How to deploy Node-RED application on a new machine

Hi,
I would like to deploy the Node-RED application on another computer that has the same Node-RED and Node.js versions installed.

I have copied folder "node_modules" and 2 files ".config.json", "package.json" at path "C:\Users\Admin\.node-red" to the respective location on the computer I want to deploy, but when starting the Node-RED application, the execution does not seem correct.

Please tell me the method of deploying Node-RED application on another computer without manually reinstalling the entire node from Palette.

Thanks!
Kiyo

You don't need node_modules. Copy the rest of the .node_red folder and then go into the folder in the command line and run
npm install

Also what do you mean by "does not seem to be correct"?

1 Like

Thank you for your support!
On the development machine I install many nodes to debug and test, the completed project does not have to use all the installed nodes, so I only want to deploy a part of the necessary node installed on the new machine, so how should I do it?
Delete unnecessary nodes in 2 files " .config.json ", " package.json ", then do as you instructed, right?

Also what do you mean by "does not seem to be correct"?
=> Because my operation was mistaken, I have solved it.

The ~/.node-red/package.json file will list everything you have installed on your development machine.

If you don't need all of those nodes on the new machine then edit the file and remove the unneeded nodes from the dependencies section.

You do not need to edit .config.json at all - although if you are using Node-RED 1.2.x, then .config.json is no longer used. You'll want to copy over .config.*.json - there will be four files that match that.
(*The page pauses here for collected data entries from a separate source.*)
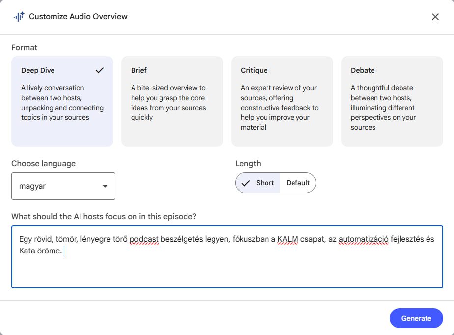 - Miután feltöltötted, keresd meg a „Hangos áttekintés” (Audio Overview) rész jobb felső sarkában lévő kis szerkesztő ikonra. Itt állíthatod be a podcast adásod részleteit: nyelv, hossz, mire helyezze a fókuszt a beszélgetés. Ha ezzel megvagy kattints a Generálás (Generate) gombra.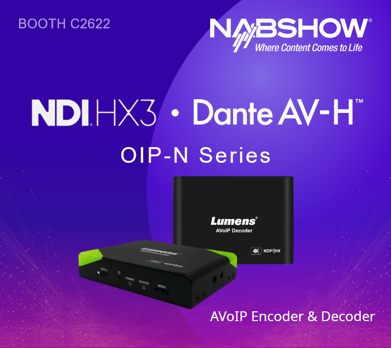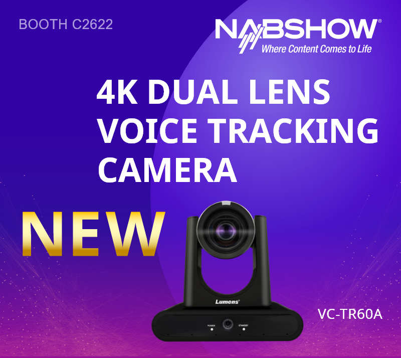 本次NAB展,Lumens將攜眾多新品亮相。全新的語音跟蹤PTZ攝像機VC-TR60A、新款智慧錄播一體機LC300、 支持Dante AV-H的OIP編解碼器。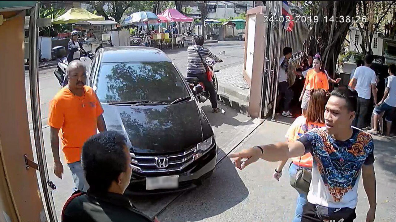 ภาพกล้องวงจรปิดบริเวณหน้า ร.ร.มัธยมวัดสิงห์ บันทึกเหตุการณ์ขณะที่กลุ่มอันธพาลบุกเข้าไปทำร้ายครูและนักเรียนบาดเจ็บ โดยมีนายวัลลภ หรือเอกไฝ นุชแฟง อายุ 32 ปี คนชี้หน้า รปภ.ตำรวจจับกุมได้แล้วเป็นหัวโจก.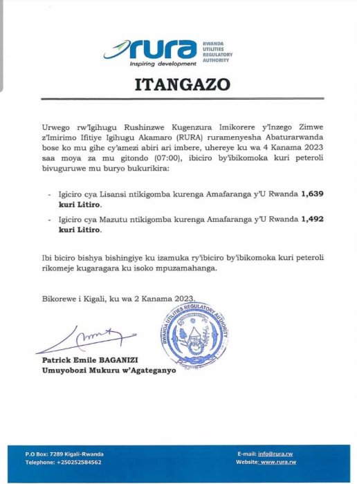 Ikigo ngenzuramikorere RURA cyatangaje ibiciro bishya by’ibikomoka kuri peteroli, aho litiro ya lisansi ari 1,639 Frw na ho iya mazutu ikaba 1492 Frw.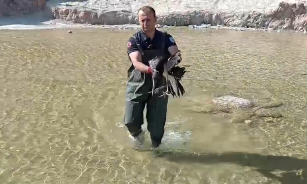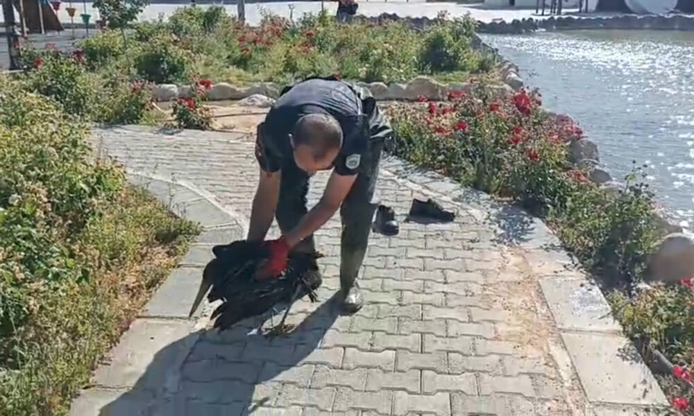 Yaralı leyleği itfaiye ekipleri kurtardı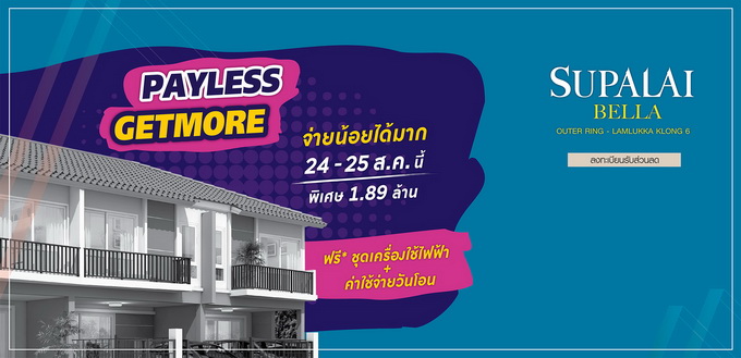ศุภาลัย เบลล่า วงแหวน - ลำลูกกา คลอง 6" Payless Get More จ่ายน้อย ได้มาก 24 - 25 สิงหาคม 2562 นี้ พิเศษ 1.89 ล้านบาท ฟรี! ชุดเครื่องใช้ไฟฟ้า + ค่าใช้จ่ายวันโอน*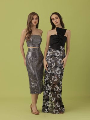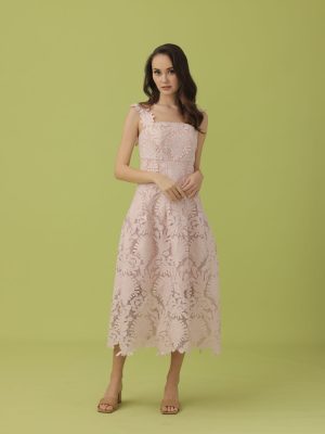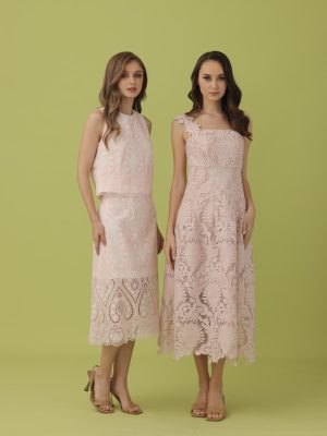 Baby pink and white floral eyelet semi-haltered top with coordinated A-line midi skirt with sheer detail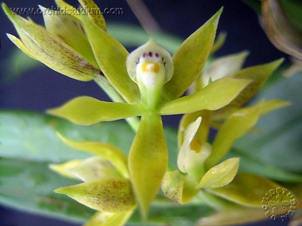Found in Espirito Santo Brazil in primary forests in bright light at elevations around 500 to 1200 meters as a miniature sized, warm to cool growing epiphtye with .8" [2 cm] between each ovoid, compressed pseudobulb carrying 2, apical, erect, stiff leaves that blooms in the late spring and early summer on a terminal, erect, .8 to 1.6" [2 to 4 cm] long, to 6 flowered inflorescence carrying non-resupinate flowers
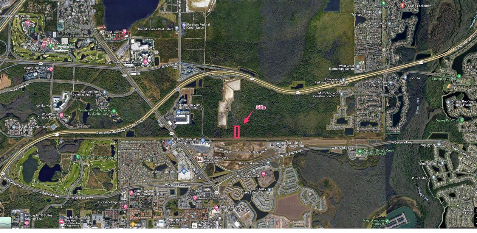 Commercial opportunity awaits! This 2.58+/- acre site is prime for development with an assembly of 80+ acres. Located right off of Central Florida Greeneway and Lake Buena Vista this property is surrounded by tons of development potential from mixed-use to multi-family development. With endless development opportunities, this parcel holds the potential to open a treasure to the surrounding parcels. Adjacent parcels are available. Subject to zoning and city approvals

You don't need to delete them from .config.json, that will be handled automatically when node-red starts. If you want to guarantee that the deployed system has exactly the same versions of all nodes installed then you need to copy package-lock.json too, but then you would have to remove the unneeded nodes from that file, but that is not practical as the format is complex. If you are happy for the deployed system to use the latest valid versions of nodes (which may be later than on your development system) then don't include the lock file.
If you want to ensure exactly the same versions of nodes (which is the only way of guaranteeing the same behaviour) then you have no option as far as I can see other than installing all the nodes then removing the ones you don't need, or removing them on the development machine before you copy from it.

To be honest, I think you're overstating the risk here.

If you want the same versions of the nodes, you can edit the package.json file and remove the ~ from the version strings. You'll then get the same versions of the nodes. Yes, some underlying dependency version may change, but it would be frankly incredible if that broke anything (in my experience).

I don't think that is correct. The actual version installed in the development system may be later than the ~version, so removing the ~ would give the production system an earlier version than the development system.
I didn't say there is a big risk, but if you have a staging site you are testing on, and then want to put it into production, it ideally should use exactly the same versions. If not bothered about the exact versions then don't bother including the lock file. Then the production system may be later than the development, but one assumes this is less of a risk than having an earlier version.